Обидно, когда уходят хорошие ребята. Наши ребята! Я даже к Виталию Леонтьевичу обращаюсь, министру спорта. Ну впереди же 2018 год, впереди же чемпионат мира в нашей стране! Что же мы позориться будем? Или нас устроит какое бы то ни было место — лишь бы провести чемпионат мира? Нет, надо достойное место! И опять же в честной, спортивной борьбе.
Я лично могу хорошо относиться к легионерам, когда они действительно работают, честно зарабатывают деньги. Это понятно все. Я даже познакомился с Халком. Удивившись, что он, оказывается, довольно стройный парень. Потому что по телевизору — иногда квадрат какой-то. Думаю, надо же. А здесь он… улыбчивый такой. Добрый парень.
Я — многоборец
— Секрет вашей молодости — активный образ жизни, спорт?

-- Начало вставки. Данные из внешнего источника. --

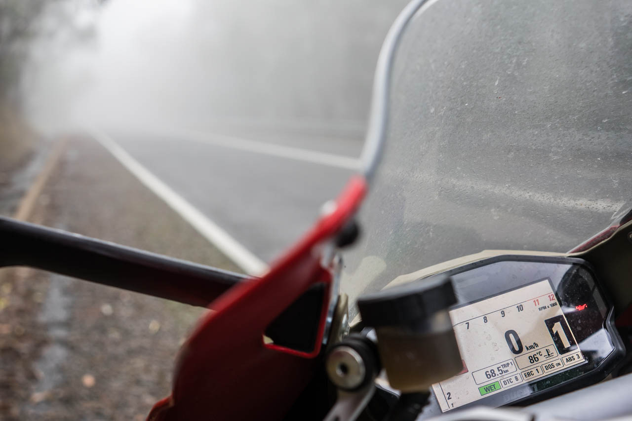 The sole intention on this day was to become completely accustomed to the Panigale. The roads were still wet, but the weather forecast looked promising, at least until the evening where another wave of torrential conditions would emerge, as I would later find out.

— Ну, спорт, это, конечно, вещь природная, необходимая для человека. Спрашивают меня, чем я занимаюсь, а я шучу: «Да я, в принципе, многоборец. Театр, радио, телевидение, кино».
У меня есть свой способ: утром проводить какую-то такую особую зарядку, физического развития такого, — физзарядку, как раньше говорили. Она очень связана с дыханием и с напряжением внутренних мускулов. Не только внешних там приседаний и прочее. А вот я понял, что очень важно то, как у человека функционируют ноги. Поэтому вот просто пальцами шевелить, и такое внутреннее напряжение. Это меня где-то в санатории научили. Я поверил. И действительно…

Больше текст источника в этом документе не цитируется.